Melodramma dai risvolti tragici condotto abilmente dal regista grazie a un testo di partenza riuscito e particolarmente curato. Profondo e malinconico, interpretato dal bravissimo giovane talentuoso Chris Udvarnoky (purtroppo morto nel 2010 a soli 49 anni), "Chi è l'altro" riesce a farsi seguire piacevolmente solleticando il lato profondo del nostro essere. Temi universali, qui rappresentati dal gemello (il doppio) e dalla mancanza di padre. La nonna di origini russe è un valore aggiunto, agisce con pacata tristezza quando capisce chi è l'altro...

• MOMENTO O FRASE MEMORABILI: L'anello e come il piccolo Niles/Holland se lo è procurato.
I gusti di Undying (Horror - Poliziesco - Thriller)

Homesick 23/8/14 8:30 - 5737 commenti

Essendo passate sotto i ponti le impetuose acque letterarie di Poe, James e Stevenson, è sin troppo facile capire come stiano le cose e rispondere alla domanda del titolo. Alla carente materia prima, Mulligan - che come ne Il buio oltre la siepe pone al centro l'ambientazione rurale e l'infanzia - cerca di sopperire con qualche buon colpo di regia e facendo dei due gemelli Udvarnoky esseri immondi al pari dei loro successori di The Omen e Schock. Minima la tensione e debolissime le connotazioni psicologiche, abortite dagli incespicanti passi nel fantastico e nel preternaturale.

• MOMENTO O FRASE MEMORABILI: L'immedesimazione nel corvo e la ripresa del volo in soggettiva; il volto della madre paralitica.
I gusti di Homesick (Giallo - Horror - Western)

Cotola 16/8/11 22:31 - 6571 commenti

A mio avviso il miglior film del filone bambini-assassini. Colpo di scena a parte (perlatro prevedibile) la pellicola riesce a creare una genuina inquietudine, nonostante l'ambientazione quasi esclusivamente en plein air.

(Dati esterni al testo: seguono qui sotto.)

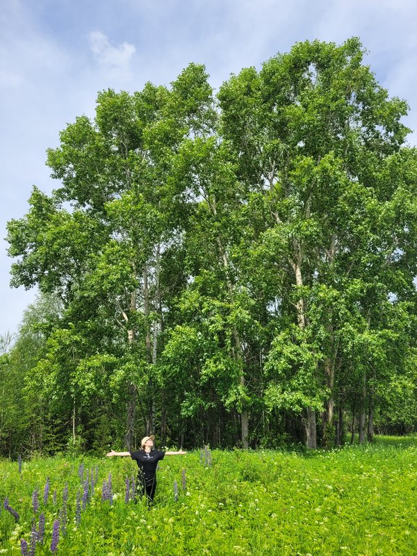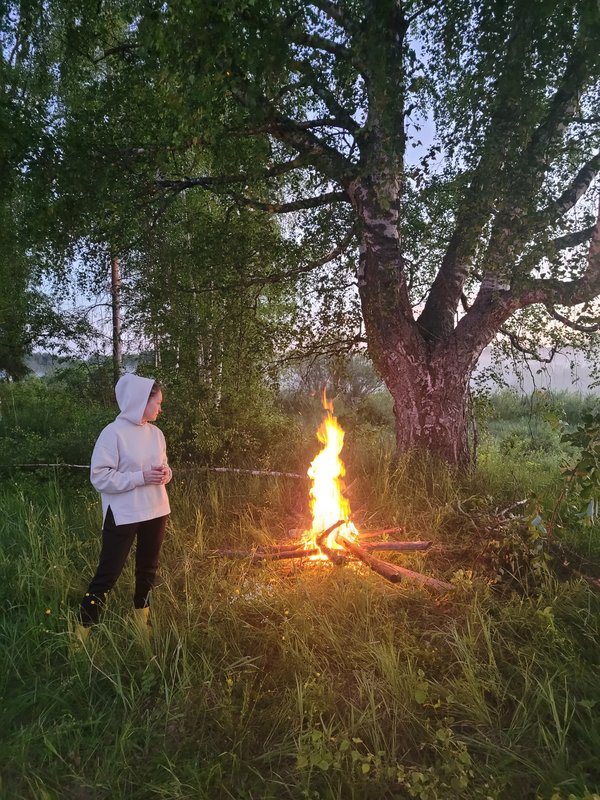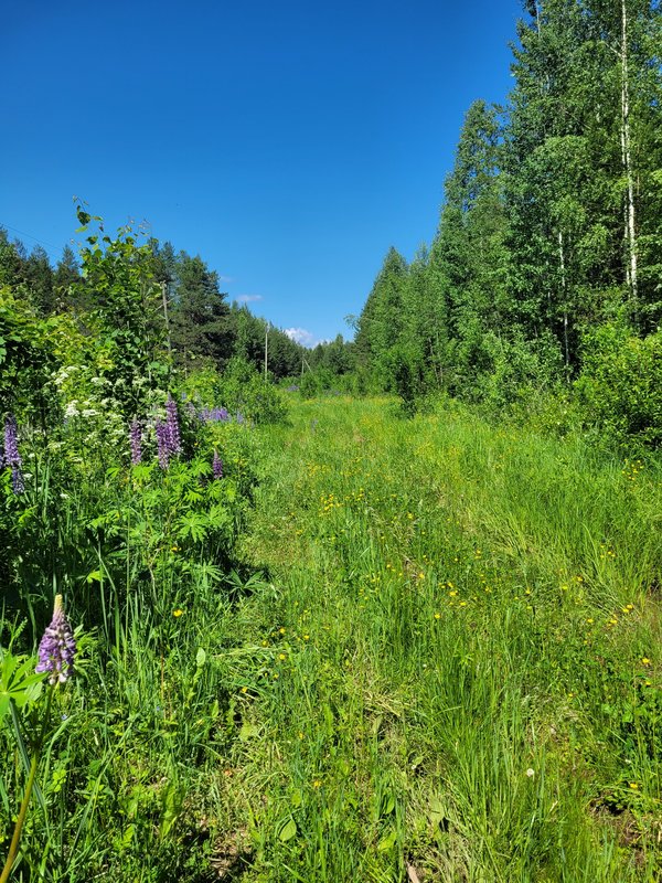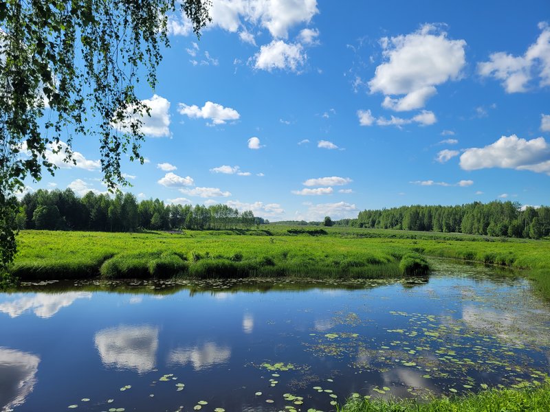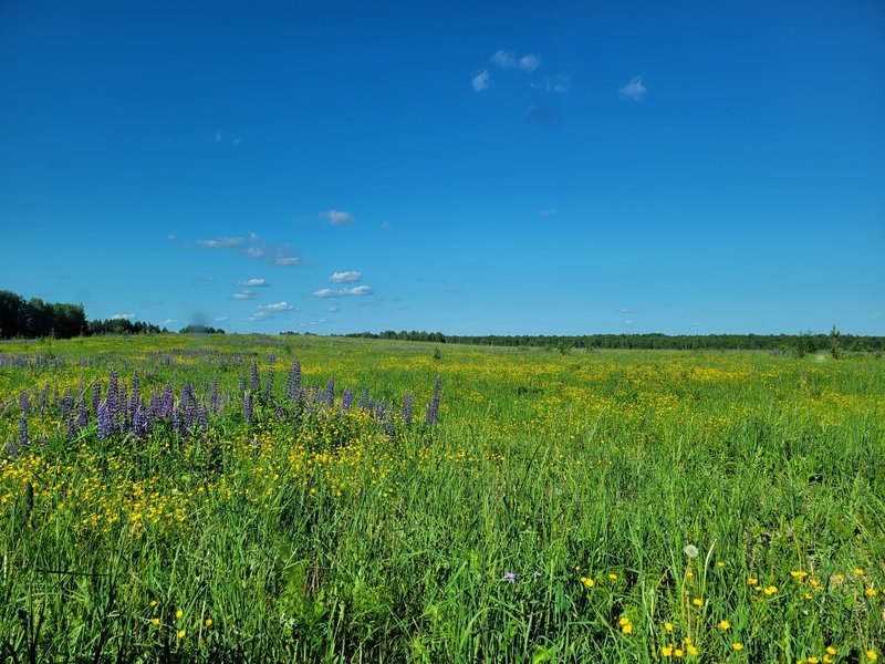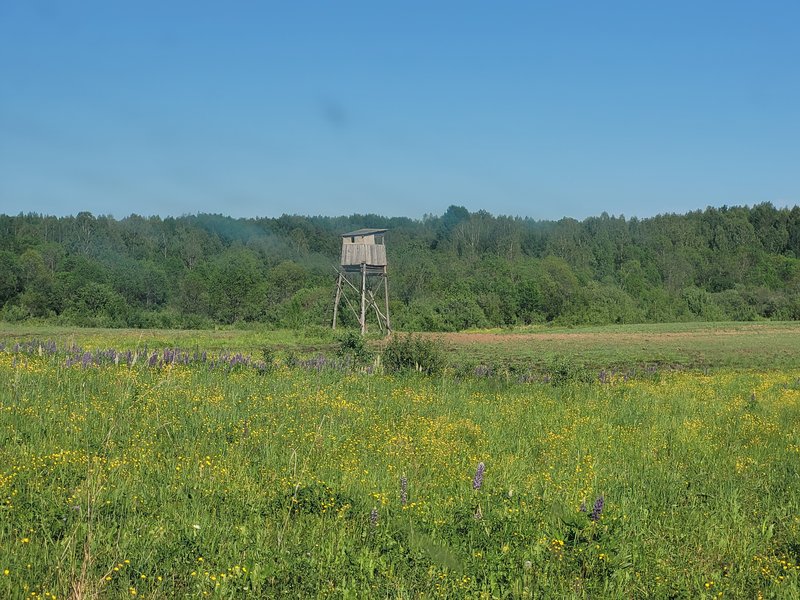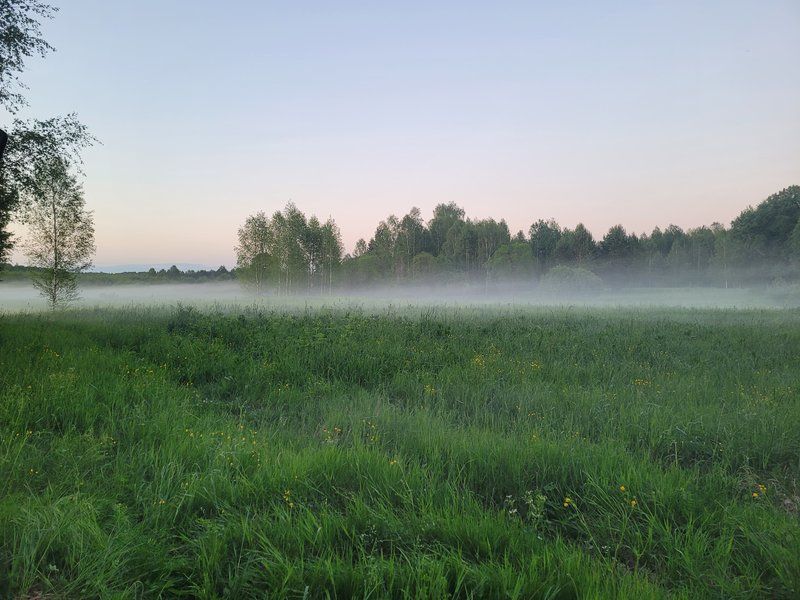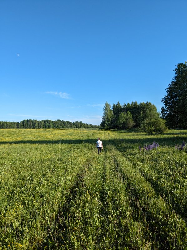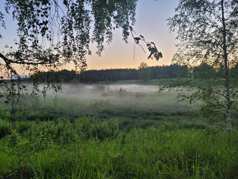 Утром мы собрали наш мини-лагерь, не стали только сдувать мой матрас, лодки то у нас не было, я плаваю очень плохо, да и телефоны, ключи от машины не оставишь же на берегу. Решили проверить уехали ли рыбаки, если да - плывем, нет - не судьба. Их не было... Как же это было страшно до середины реки, в самом начале я даже попыталась отказаться, Андрей сказал: “Нет уж”, пару раз толкнул багром - и мы уже на середине реки. Мне потом стало смешно- нас на этом матрасе крутило по реке, смотрелось с берега, наверное, очень забавно. Хоть нам и показалось, что матрас мы где-то зацепили и его спускает, мы благополучно переправились, вышли на берег, переоделись в сухое (в моменте при отправлении нас погрузило в воду, все насквозь было сырое, кроме заветного пакета с телефонами и ключами) и пошли по направлению к месту деревни. Идти надо было по ельнику, а потом по сиреневому полю (это люпины) около 1,1 км. Жара, духота, высокая трава, повсюду “лежанки” кабанов ... все преодолели.

Ciò per la straordinaria prestazione attoriale dei due gemelli e per la capacità della sceneggiatura di creare un clima sempre più opprimente ed una tensione che cresce, raggiungendo diverse volte il climax con un finale notevole. Grande la regia di Mulligan. Meriterebbe maggiore "visibilità".
I gusti di Cotola (Drammatico - Gangster - Giallo)

Daniela 15/1/11 11:34 - 6824 commenti

Ruralia americana anni Venti, sembra un paradiso abitato da angelici bimbi biondi, ma ci vuol poco a capire che è un sobborgo di Cabot Cove, visto il tasso di mortalità... Regista "intimista" e misurato, Mulligan torna al tema a lui più caro, quello dei turbamenti dell'infanzia, con un film elegante, che mostra pochissimo e molto allude, ma questo approccio rischia di rendere la vicenda prevedibile e poco coinvolgente, tanto che la sequenza più riuscita è quella più esplicita, in cui i mostri fisici e quelli mentali si incrociano.

• MOMENTO O FRASE MEMORABILI: Il tendone dei fenomeni viventi .
I gusti di Daniela (Azione - Fantascienza - Thriller)

Rebis 10/8/14 15:53 - 2062 commenti

Prevedibile nello sviluppo narrativo ma non nelle emozione che riesce a scatenare, il film di Mulligan fa dell'allusione la cifra stilistica per dischiudere il mondo di un "demonio dalla faccia d'angelo", la cui facoltà di leggere nel cuore della Natura è inscindibile da quella di procacciare il male ai suoi simili. Thomas Tryon, pozzo artesiano della cinematografia horror, scrive e adatta il suo romanzo confermandosi profondo e raffinatissimo innovatore nella tradizione del gotico americano. Fotografia panica e abbacinante di Robert Surtees. Prove generali di Jerry Goldsmith per Il presagio.
I gusti di Rebis (Drammatico - Horror - Thriller)

Caesars 25/1/17 17:06 - 2262 commenti

Definirlo horror è sicuramente riduttivo. Mulligan ha mano felice nel tratteggiare la vita bucolica dei due gemelli nel Connecticut anni '30. Non è fondamentale capire come stanno realmente le cose, cosa intuibile già dopo pochi minuti, bensì come il regista racconti la storia, aiutato oltre che da ottime interpretazioni anche dalla superba fotografia di Surtees. La mostruosità del quotidiano è mostrata come in una favola nera e il crescendo drammatico non lascia tregua fino alla fine. Un piccolo gioiellino.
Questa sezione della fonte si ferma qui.